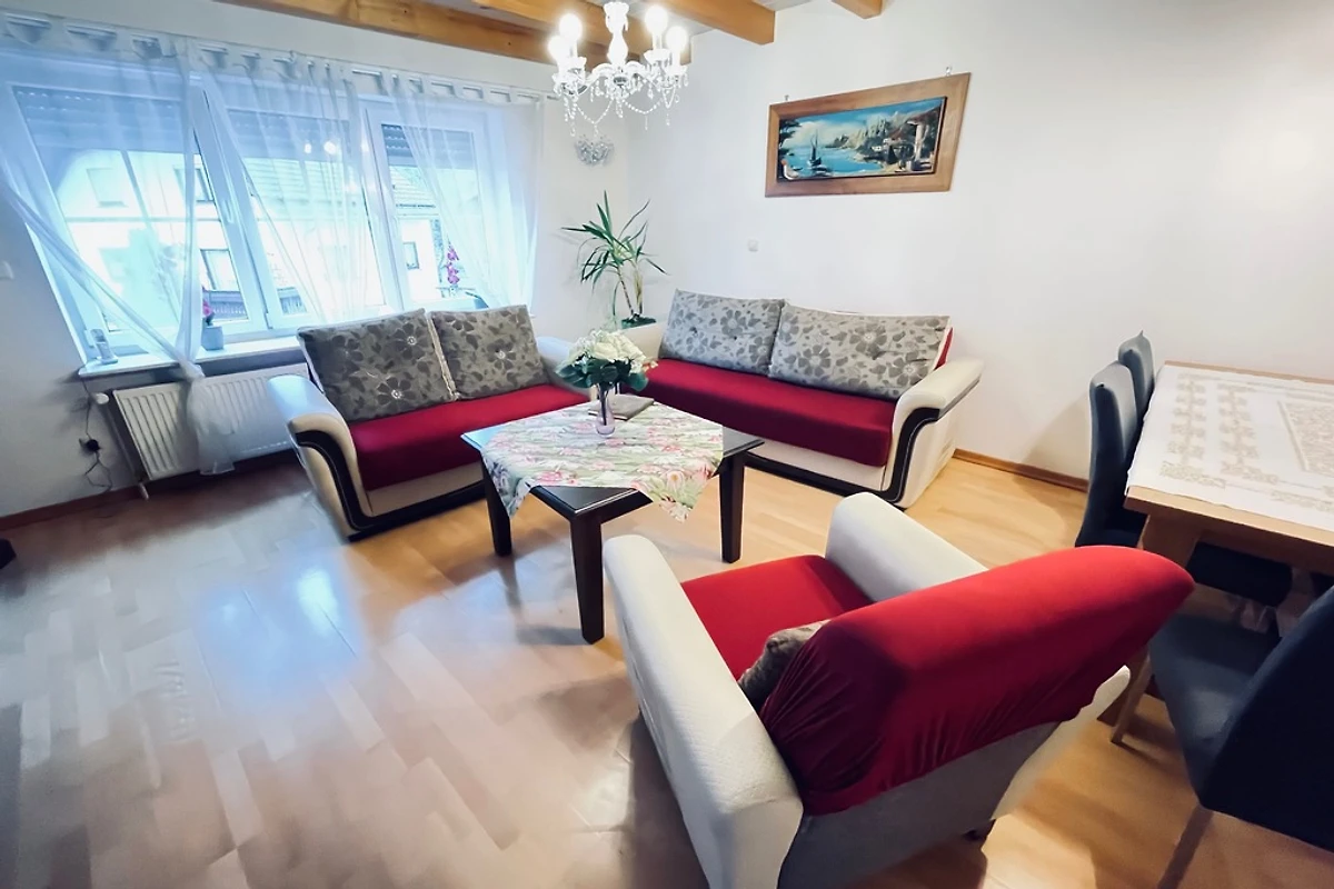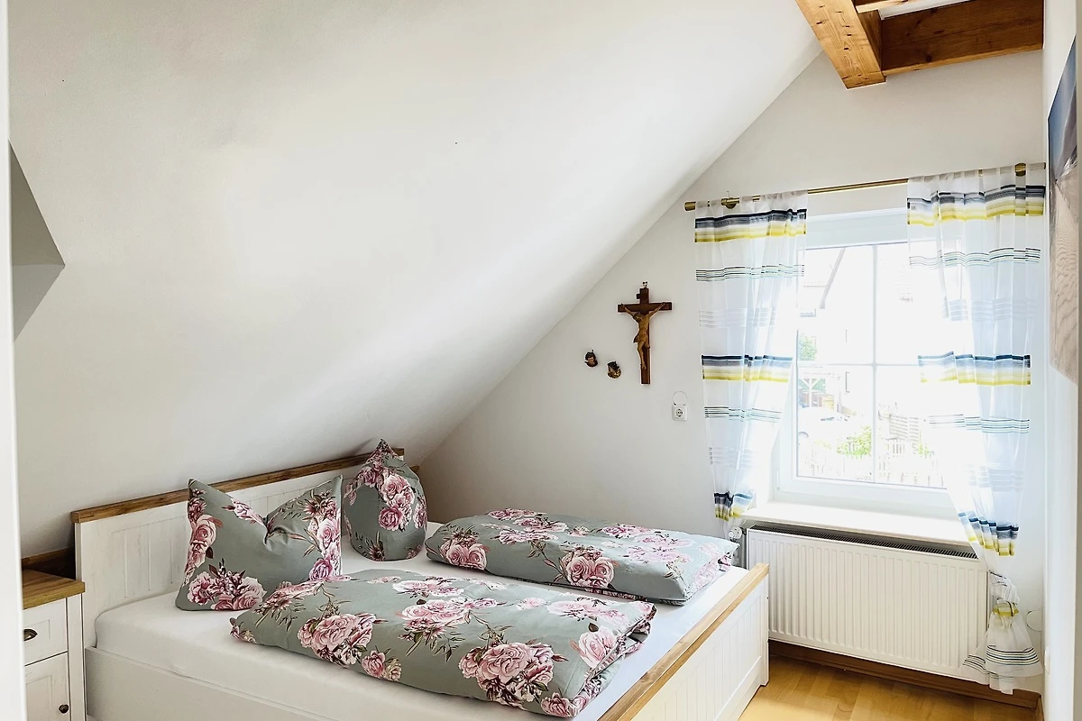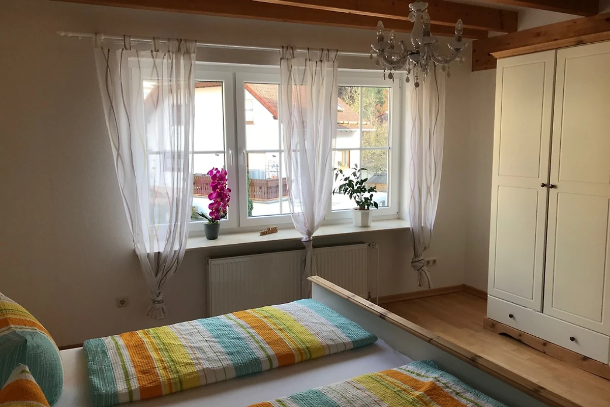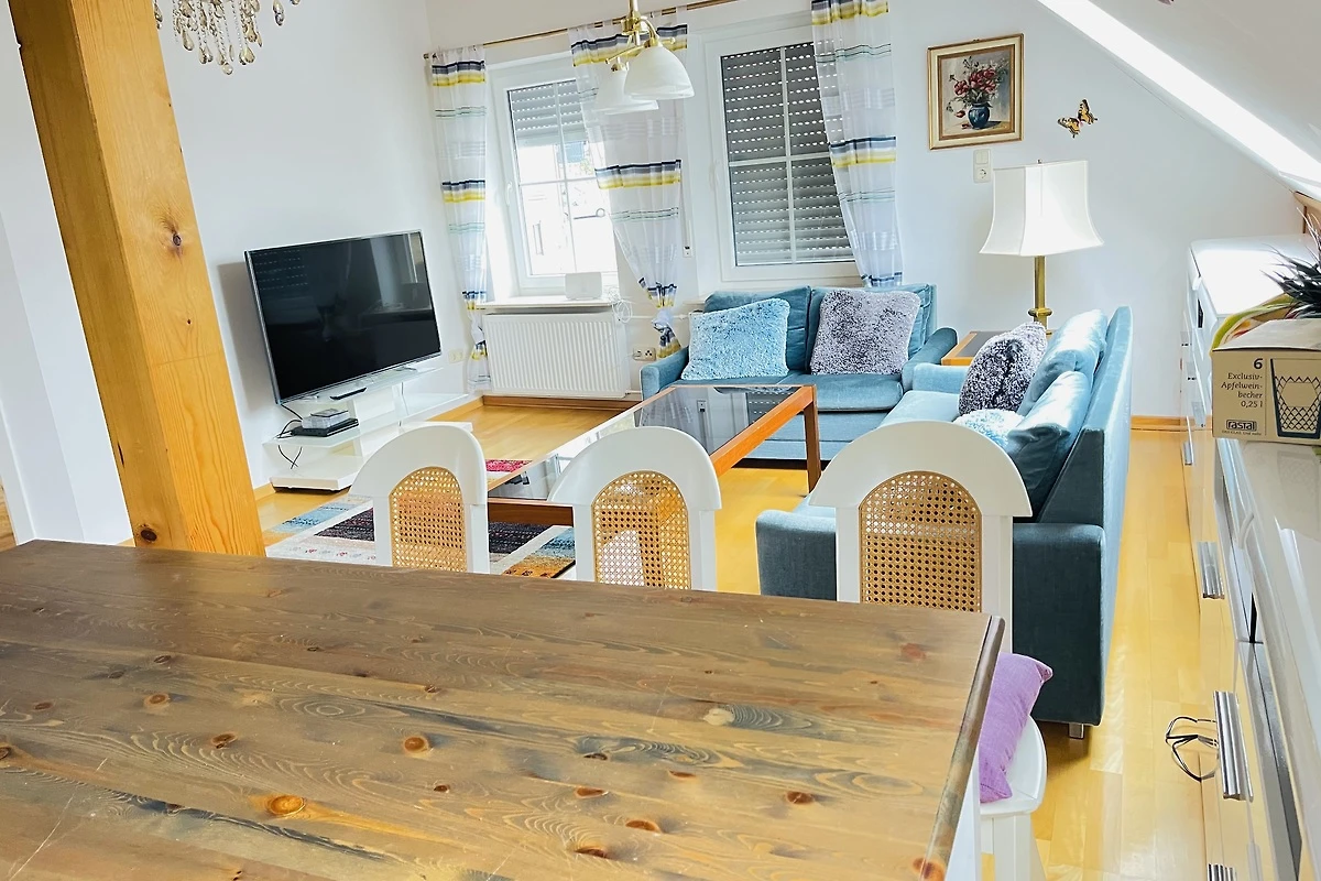 Rustikale Mansarden-Wohnung, Holzbalkendecke ,Parkettfußboden,grosses Bad mit Wanne und Dusche, Fußbodenheizung , Gäste WC, 2 x 2 Bettzimmer , 1x 1 Bettzimmer,
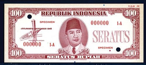 100 Rupiah, P-Unlisted100a, Essay specimen banknote of a Security BNC proposed and never issued 1948 Indonesia banknote Series. Note is dated September 1, 1948; Block 1-A. Red specimen overprints, POC's and “00000” serial numbers. Small red printing on upper right margin of face reads “ 11-9-48 FE” and back “11-9-48 BE. PMG graded Choice Uncirculated 64, Rare high grade essay note. SBNC.
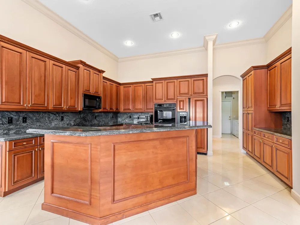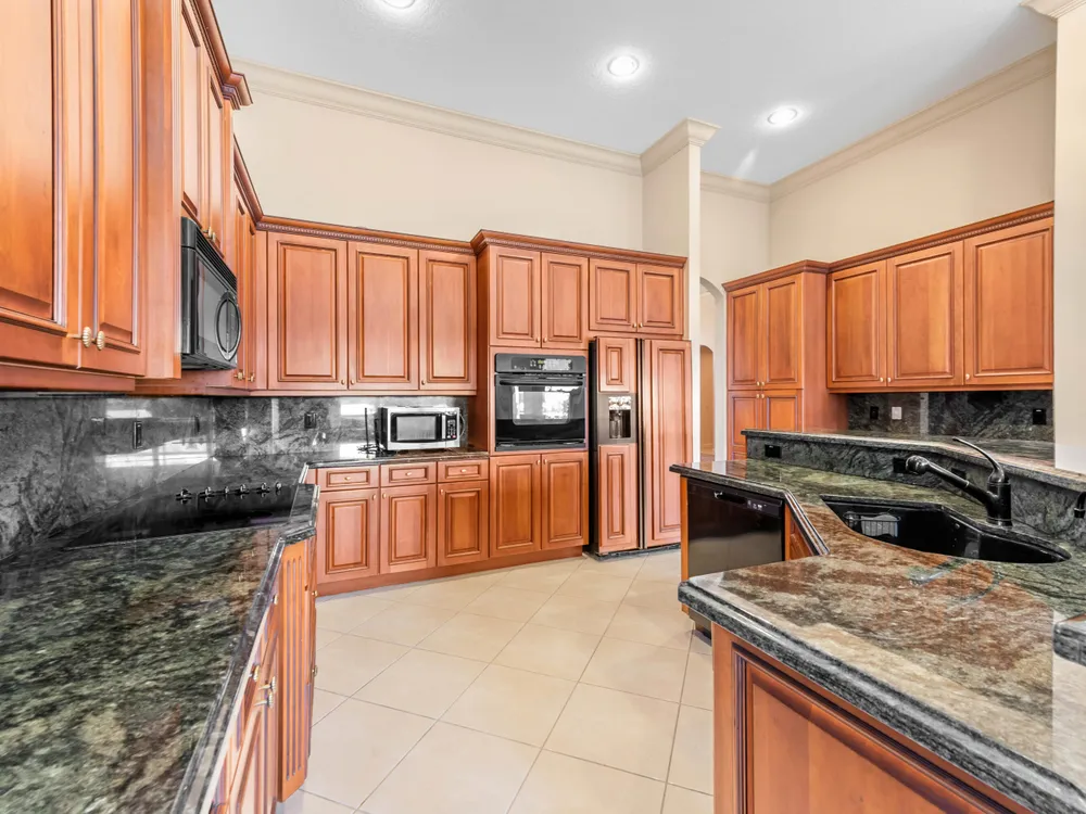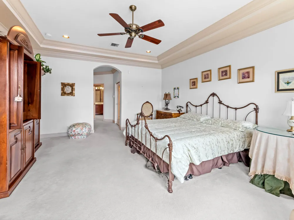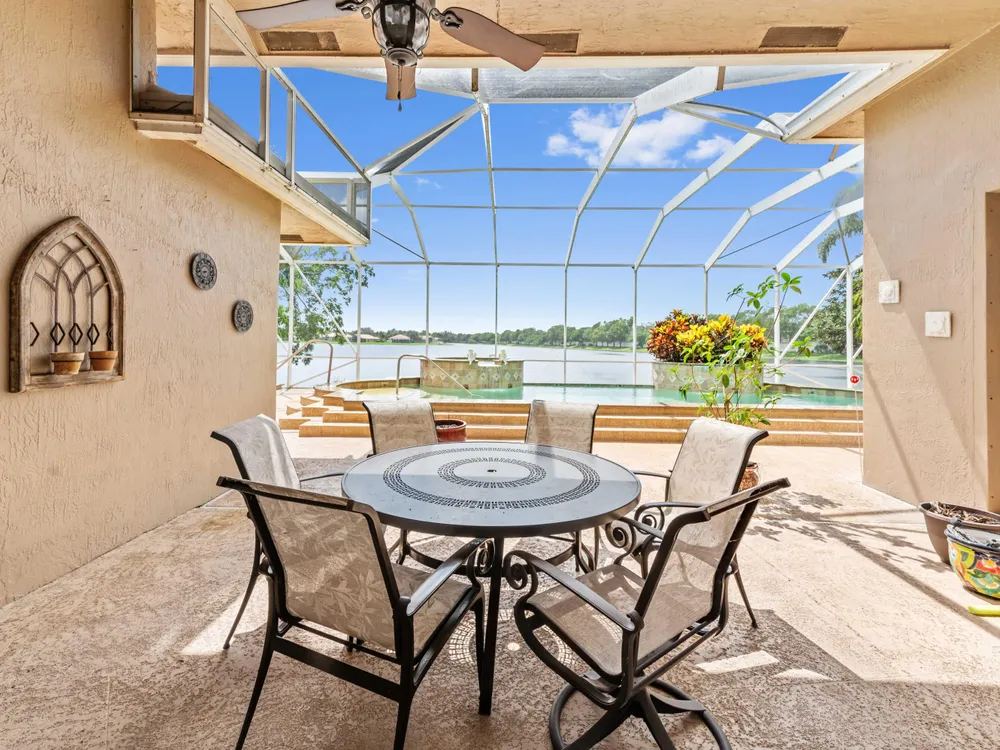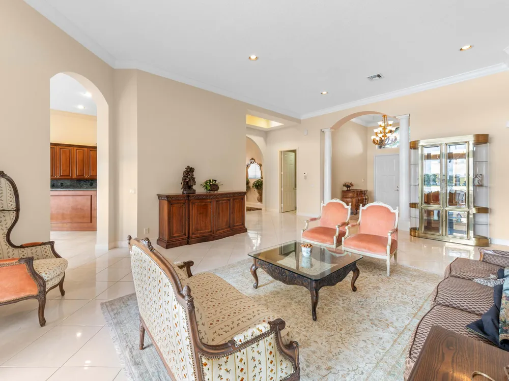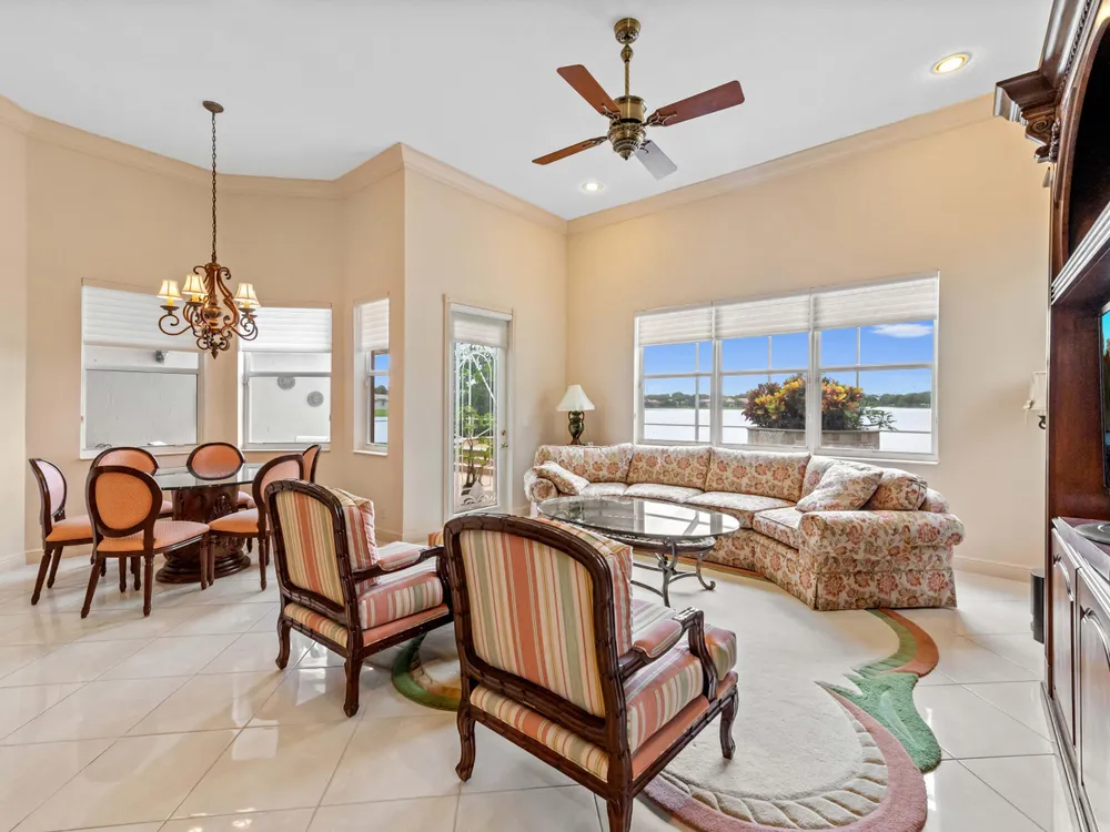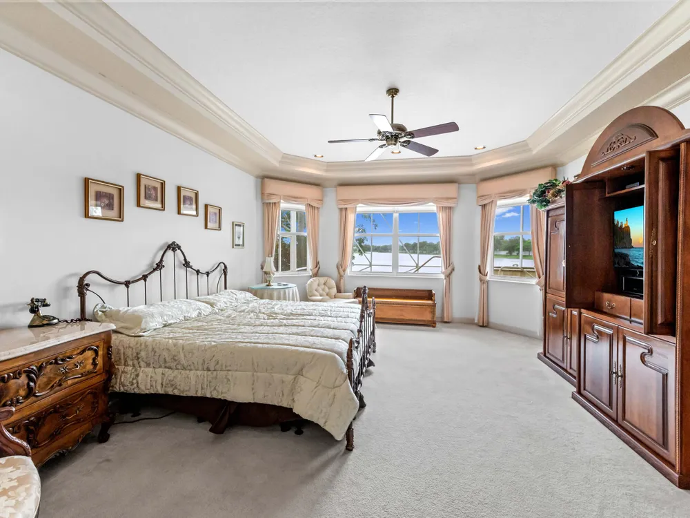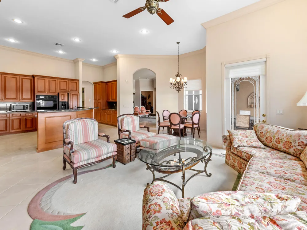 Discover your private oasis in the exclusive, resort-style community of Bellaggio. This stunning one-story lakefront home is perfectly situated on the best lot in the community, offering complete privacy on a quiet cul-de-sac and boasting panoramic, unbelievable lake views from almost every room.Offering 2,831 sq. ft. of living space, this residence features 4 bedrooms and 3 full bathrooms, providing plenty of room for both relaxation and entertaining. Step through impressive double entry doors into a welcoming foyer that sets the tone for the home's elegant design. The chef-inspired kitchen is both stylish and functional, boasting a cooktop, wall oven, microwave, refrigerator, granite countertops, a spacious island with bar seating, and abundant cabinetry.

◆ Required action ◆
Please set down every line of the listing verbatim, excluding its pictures.

◆ Final answer ◆
 Rustikale Mansarden-Wohnung, Holzbalkendecke ,Parkettfußboden,grosses Bad mit Wanne und Dusche, Fußbodenheizung , Gäste WC, 2 x 2 Bettzimmer , 1x 1 Bettzimmer,
 100 Rupiah, P-Unlisted100a, Essay specimen banknote of a Security BNC proposed and never issued 1948 Indonesia banknote Series. Note is dated September 1, 1948; Block 1-A. Red specimen overprints, POC's and “00000” serial numbers. Small red printing on upper right margin of face reads “ 11-9-48 FE” and back “11-9-48 BE. PMG graded Choice Uncirculated 64, Rare high grade essay note. SBNC.
 Discover your private oasis in the exclusive, resort-style community of Bellaggio. This stunning one-story lakefront home is perfectly situated on the best lot in the community, offering complete privacy on a quiet cul-de-sac and boasting panoramic, unbelievable lake views from almost every room.Offering 2,831 sq. ft. of living space, this residence features 4 bedrooms and 3 full bathrooms, providing plenty of room for both relaxation and entertaining. Step through impressive double entry doors into a welcoming foyer that sets the tone for the home's elegant design. The chef-inspired kitchen is both stylish and functional, boasting a cooktop, wall oven, microwave, refrigerator, granite countertops, a spacious island with bar seating, and abundant cabinetry.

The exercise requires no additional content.